*Work instruction*
Leaving out every picture, copy the lines of the material below exactly, from the line containing "Season of Singing" through the line containing "Las lentes de".

*The data*
/---
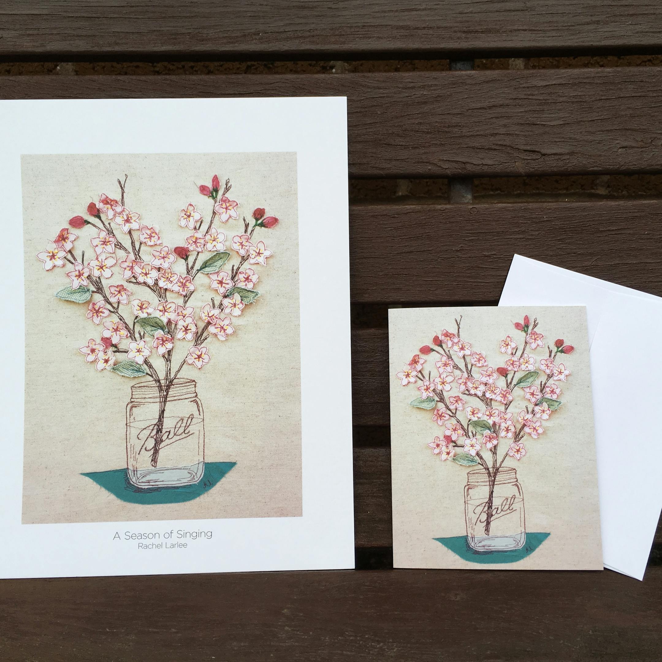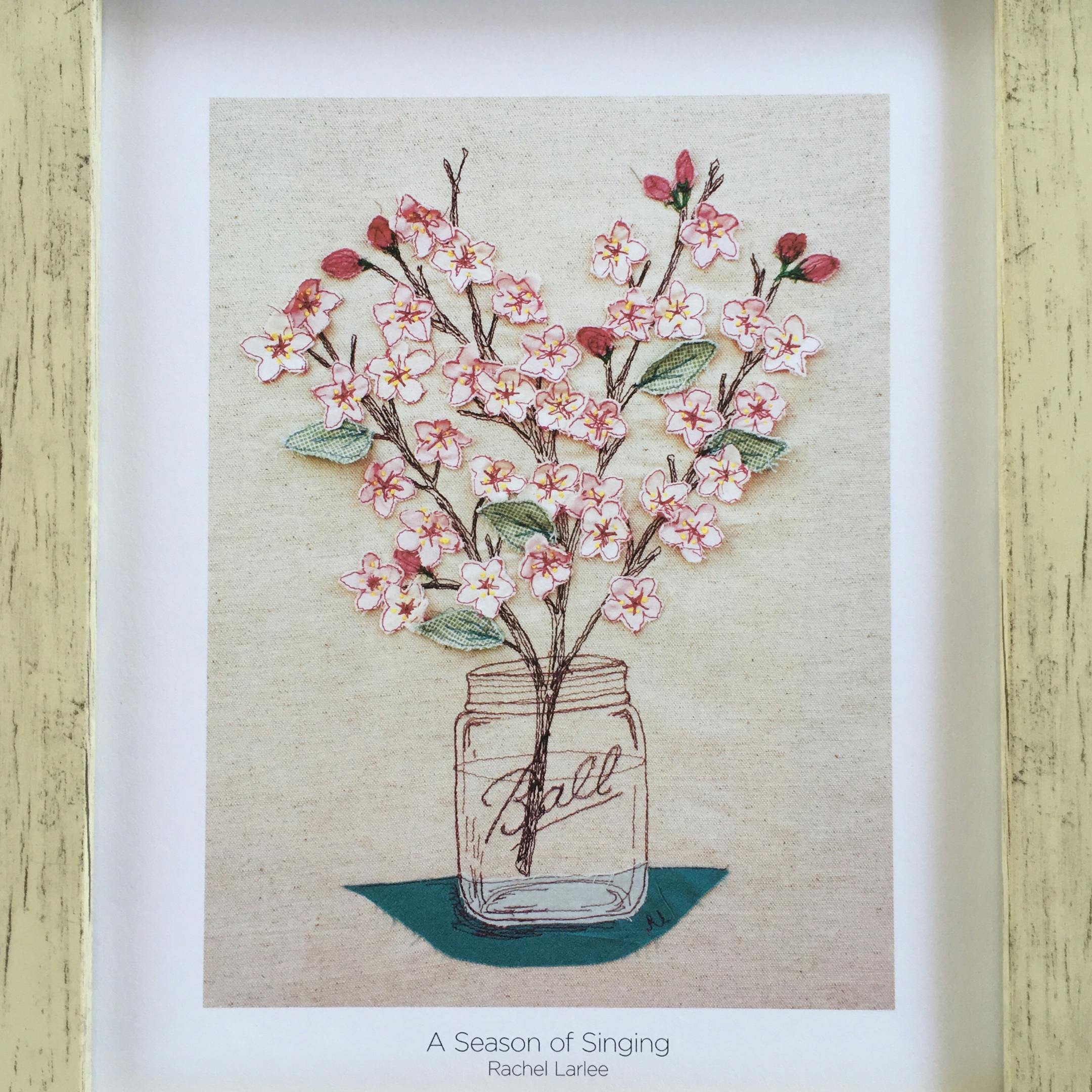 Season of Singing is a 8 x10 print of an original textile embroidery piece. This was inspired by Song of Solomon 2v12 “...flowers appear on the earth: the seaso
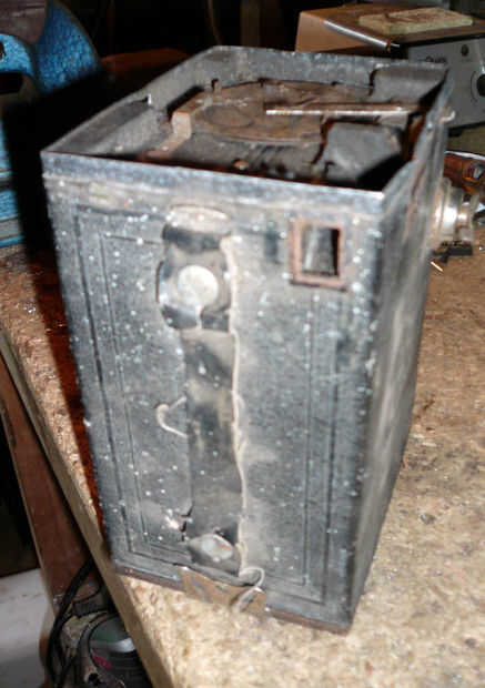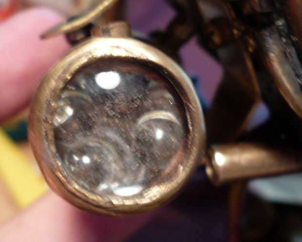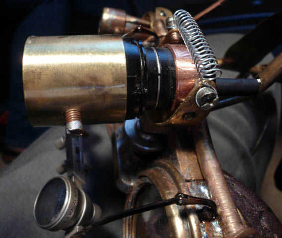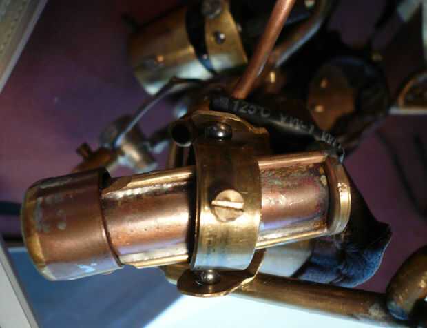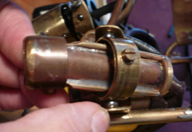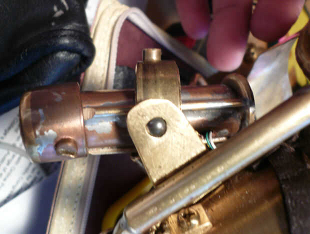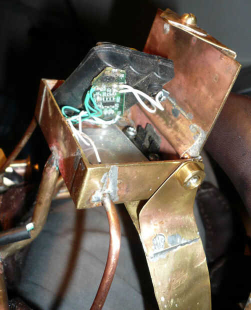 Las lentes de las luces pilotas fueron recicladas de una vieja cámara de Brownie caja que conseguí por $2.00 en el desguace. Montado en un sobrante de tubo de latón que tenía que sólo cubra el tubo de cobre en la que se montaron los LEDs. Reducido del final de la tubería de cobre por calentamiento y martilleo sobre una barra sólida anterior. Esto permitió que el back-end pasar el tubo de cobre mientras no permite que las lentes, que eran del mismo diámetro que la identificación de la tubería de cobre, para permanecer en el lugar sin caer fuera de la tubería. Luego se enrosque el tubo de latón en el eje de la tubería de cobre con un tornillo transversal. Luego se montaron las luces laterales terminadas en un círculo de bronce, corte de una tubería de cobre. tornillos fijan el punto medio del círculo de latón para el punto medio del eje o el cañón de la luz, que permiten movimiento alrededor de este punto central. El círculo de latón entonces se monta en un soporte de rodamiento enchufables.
\---
/---
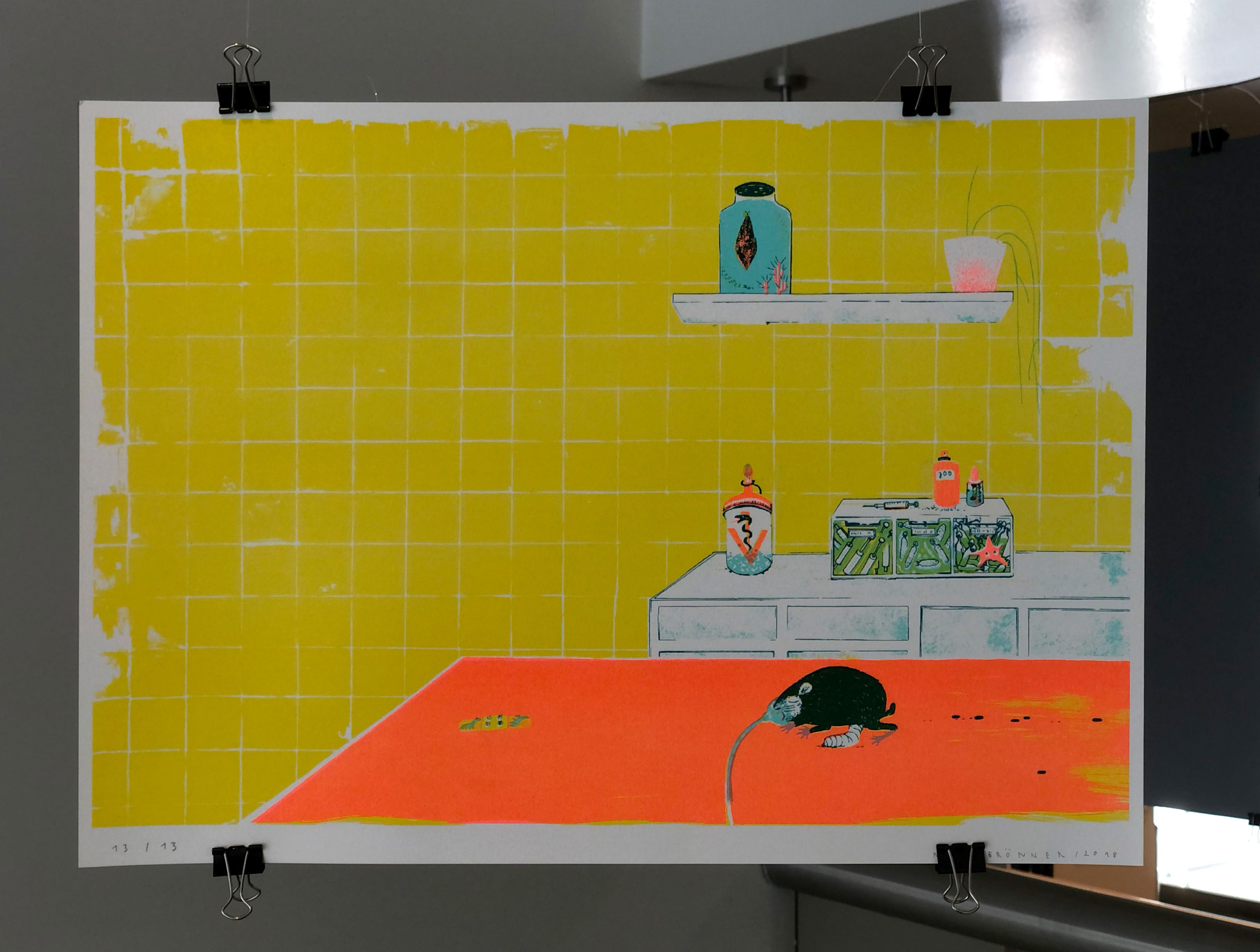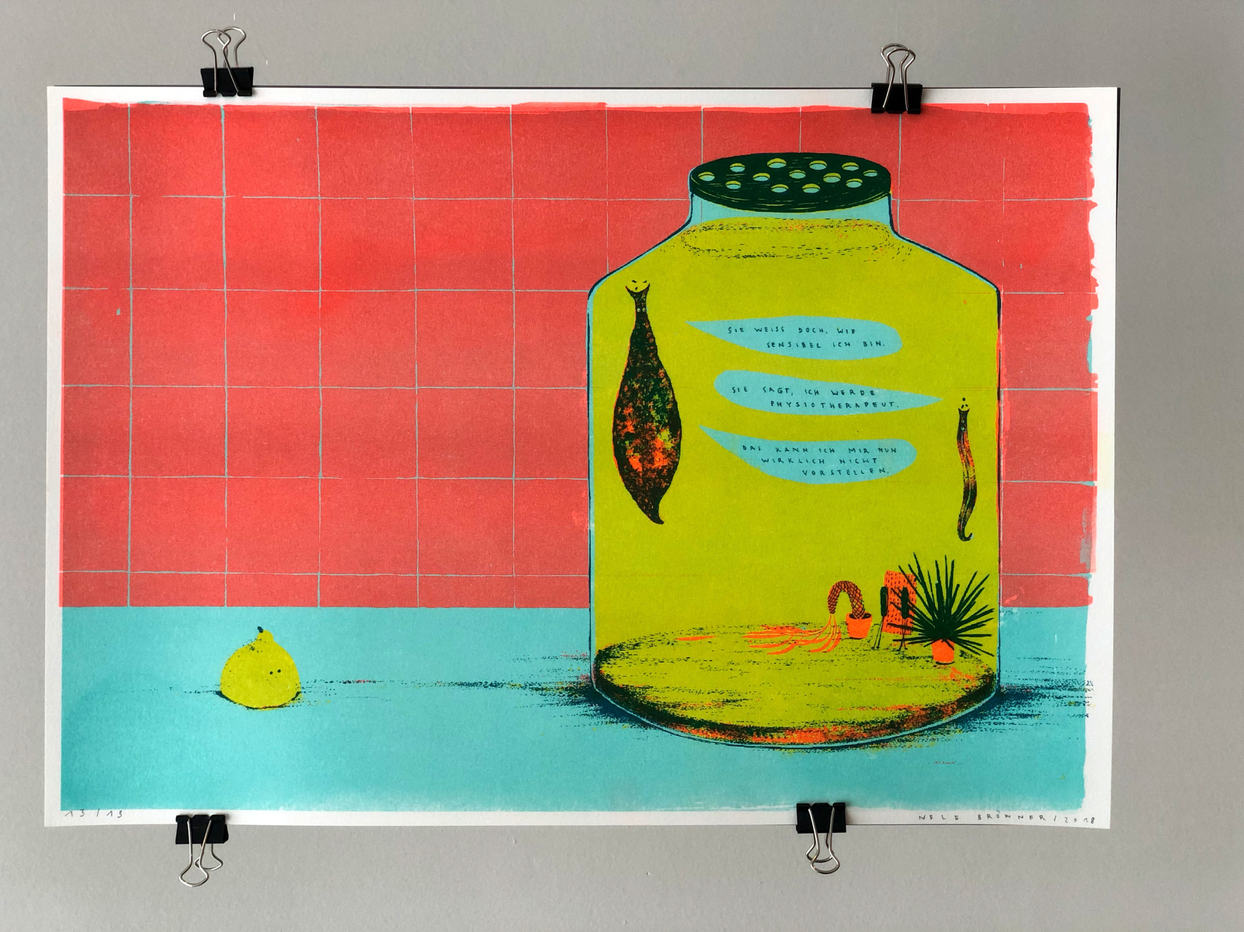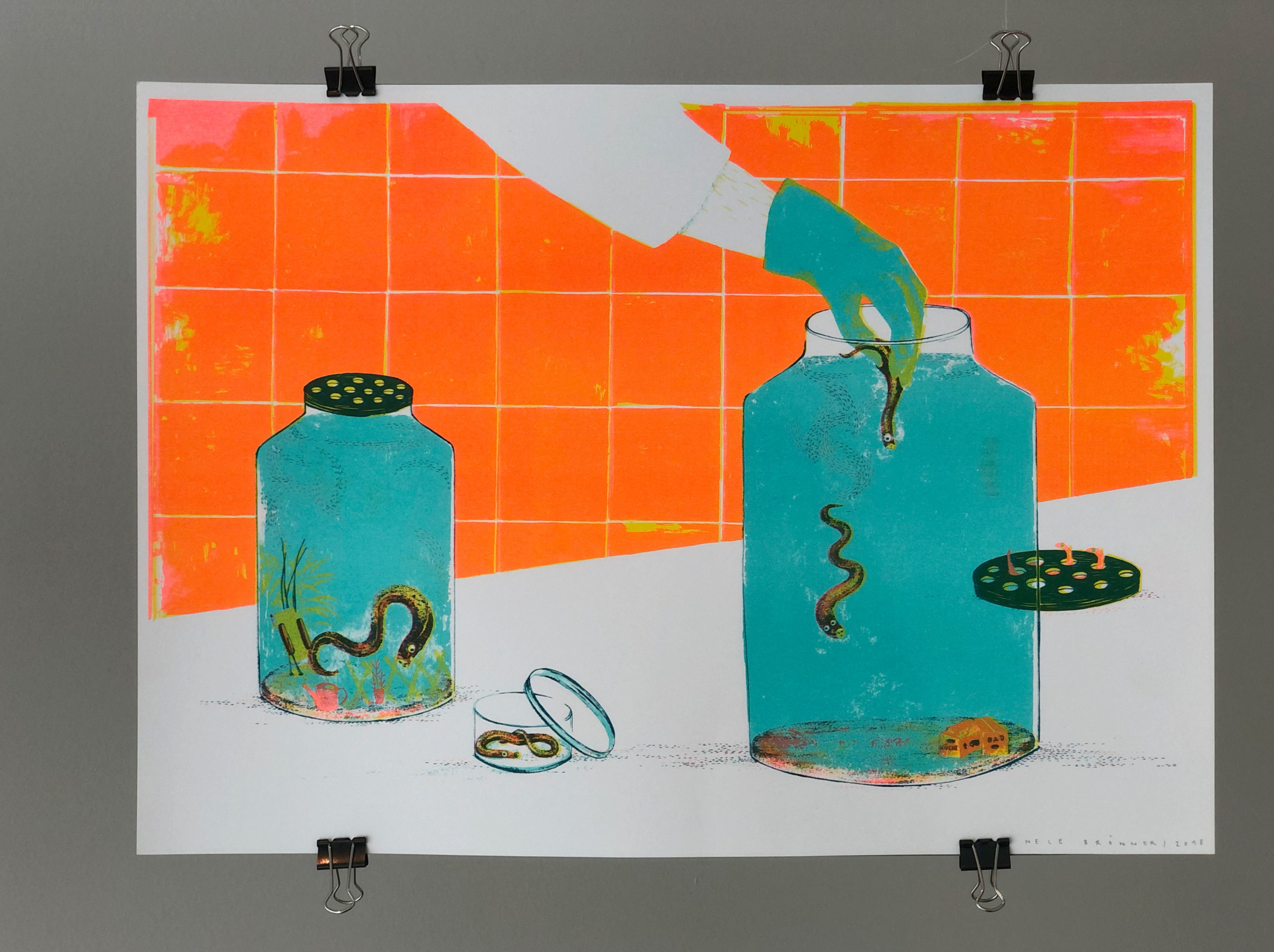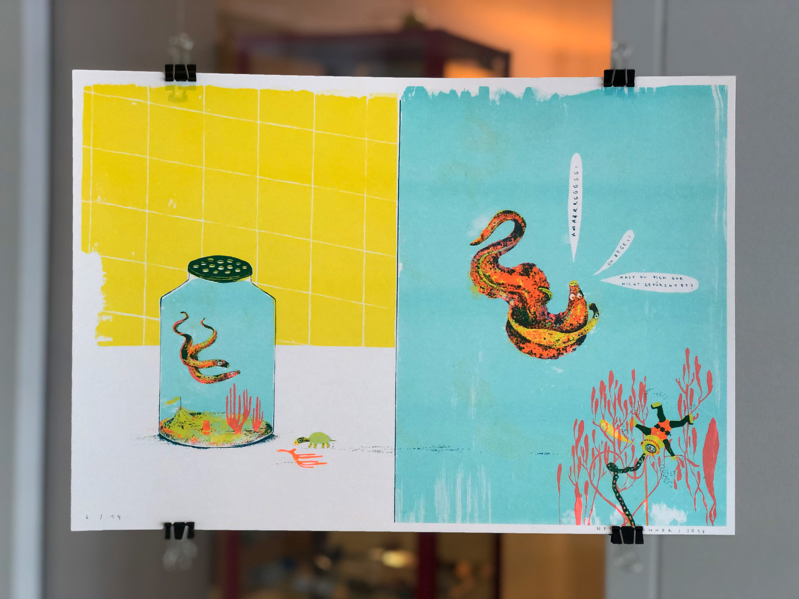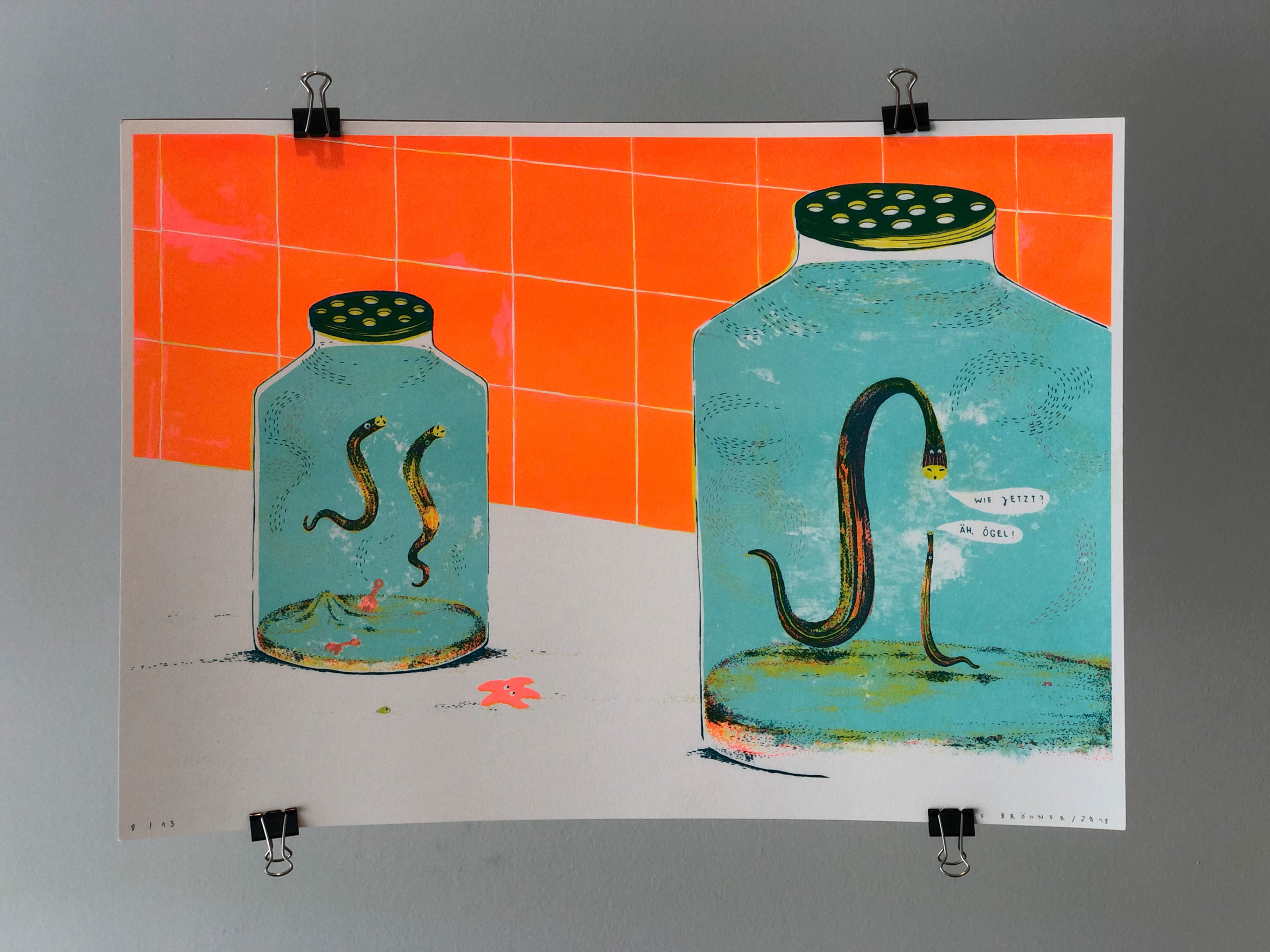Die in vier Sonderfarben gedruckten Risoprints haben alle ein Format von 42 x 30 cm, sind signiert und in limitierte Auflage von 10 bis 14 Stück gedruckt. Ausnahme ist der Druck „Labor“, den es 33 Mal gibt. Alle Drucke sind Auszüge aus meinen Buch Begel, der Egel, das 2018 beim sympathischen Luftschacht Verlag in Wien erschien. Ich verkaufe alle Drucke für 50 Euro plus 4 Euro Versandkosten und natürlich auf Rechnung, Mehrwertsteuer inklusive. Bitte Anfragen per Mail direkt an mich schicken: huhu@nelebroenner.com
\---
*Answer section*
 Season of Singing is a 8 x10 print of an original textile embroidery piece. This was inspired by Song of Solomon 2v12 “...flowers appear on the earth: the seaso
 Las lentes de las luces pilotas fueron recicladas de una vieja cámara de Brownie caja que conseguí por $2.00 en el desguace. Montado en un sobrante de tubo de latón que tenía que sólo cubra el tubo de cobre en la que se montaron los LEDs. Reducido del final de la tubería de cobre por calentamiento y martilleo sobre una barra sólida anterior. Esto permitió que el back-end pasar el tubo de cobre mientras no permite que las lentes, que eran del mismo diámetro que la identificación de la tubería de cobre, para permanecer en el lugar sin caer fuera de la tubería. Luego se enrosque el tubo de latón en el eje de la tubería de cobre con un tornillo transversal. Luego se montaron las luces laterales terminadas en un círculo de bronce, corte de una tubería de cobre. tornillos fijan el punto medio del círculo de latón para el punto medio del eje o el cañón de la luz, que permiten movimiento alrededor de este punto central. El círculo de latón entonces se monta en un soporte de rodamiento enchufables.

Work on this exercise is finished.